それは「成人発達障害者」というくくり。
発達障害の概念も医療関係には広まって久しい。
若い頃に見つかる例も多くなった。
子どもの頃に発見されてそろそろ成人…なんてケースも出てくる。
しかし、中年以降で発見されるケースも多い。
おなじ発達障害ではあるが、本人が困難を感じている部分は当然異なる。さらにいえば、人生展望に対する見方が決定的に違ってきてしまう場合があるのだ。
発達障害を起因とする職場不適応などで解雇やリストラ、うつ病などで職を失うケースを考えてみよう。
「どう対処すれば次にうまくいくか?」
といった思考に入ることができるまでの時間は、たぶん若いうちに発達障害がわかるほど短いだろうと思われる。
中年以降になり勤労経験も豊富になってから失職し、発達障害が判明した場合では「次」に思考を向けることすら困難になってしまう場合も多々ある。
特にそれまで様々な困難を感じながらも長年社会生活を送ってきた人にとって「自分が発達障害であること」は価値の崩壊を引き起こしかねないことだ。
「今まで長年やってきた努力」「今まであると思っていたもの」など崩れてしまう。
「社会人をやれていた、経験を積んできた」という自負がある場合も多い。
感情すらわからなくなることもある。
今まで「周りがなっちゃいない!」と悲しんだり腹を立てていたものが、ある日突然「それが普通の姿だ」と言われたら、怒りや悲しみの感情すら訳がわからなくなるのも当然だろう。
発達障害による「切り替えの苦手さに」加えて加齢による「柔軟性の低下」も加わって、障害がわかる以前の考え方を離脱するためにより時間が掛かってしまいやすいという面もある。
さらに、
障害を受容しようとすれば今までの自分(のやり方、考え方)は…と言う問題に突き当たる。
また、
年齢が「やり直しの困難さ」を否応なく感じさせる。
若いうちに発達障害がわかった発達障害者に比して、再スタートの地点が極端なマイナス地点になってしまうのだ。

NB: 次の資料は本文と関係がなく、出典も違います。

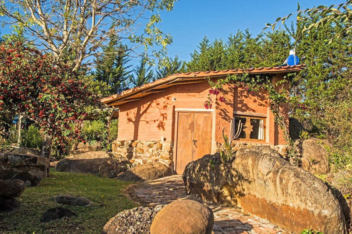 Maloka Tierra ist der jüngste Bau unserer Unterkunft in Montecatini, einem Anwesen auf dem Berg von Villa de Leyva mit vier Malokas, die von den Elementen der Natur inspiriert sind. Diese Maloka ehrt die Kraft und Stabilität des Erdelements und lädt uns ein, Wurzeln zu schlagen und uns wieder mit dem Wesentlichen zu verbinden. Seine kreisförmige Architektur ohne Wände ist von den Malokas der Vorfahren inspiriert und fördert die Einheit und das Teilen im Einklang mit anderen und der Umwelt.

だから、若いうちに障害がわかった成人発達障害者と比較して
「おなじ発達障害なのに…」
「おなじアスペルガーなのに…」
と言ってしまうのはあまりに残酷といった面があると思うのだ。
子ども~若い発達障害児者にとって診断は「人生の展望を広げるためのもの」になりやすいが、それまで障害と知らずに生きてきた中高年にとっては診断は「人生の展望を広げるためのもの」に容易には転化しにくいものだなのだ(だからこそ「早期診断」が重要だとも思うが、ここではそれは脇に置いておく)。
これからの時代、早期に発達障害の診断を受けて育つケースは増えていくだろう。
しかし、全てが捕捉できるわけはないから、診断されないまま成人し、中高年になってから発達障害がわかるケースがなくなることはないだろう。

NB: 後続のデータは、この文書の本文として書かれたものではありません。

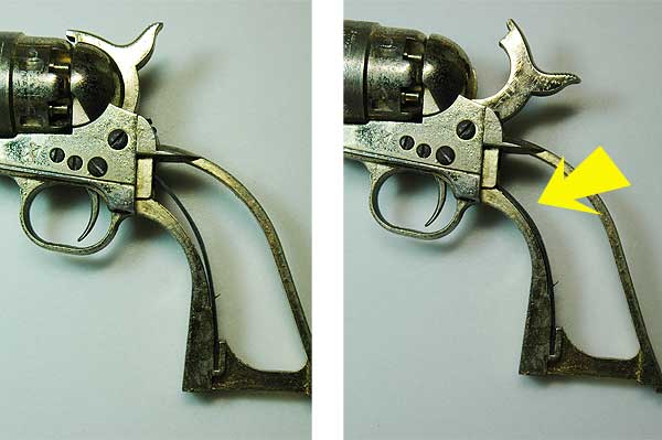 フルコック出来ない。右写真のようにフレームにバネがぴったりと当たってしまい、ハンマーがそれ以上起こせないのだ。あと少しのところなのだが・・・。板バネ形状に問題がありそうだ。 また、この写真のようにフレームはオリジナルとはずいぶん違う形だ。 実銃だったら折れそうである。貧弱な印象がする。 |

またそういうケースでは、元気のある柔軟な若者に比べ、ある種「強情さ」「情けなさ」などを露呈する場合も多かろうと思う。
だが、そういう人にも生きる権利はあるし幸せになる権利もある。
障害がわかる以前にどう過ごしてきたかによってもその後の適応という観点からみてが千差万別になってしまう:ひとくくりにはできない!のが発達障害なのだということを。(特に支援者には)ちと憶えておいて欲しい。
そんな事を考えた正月だった。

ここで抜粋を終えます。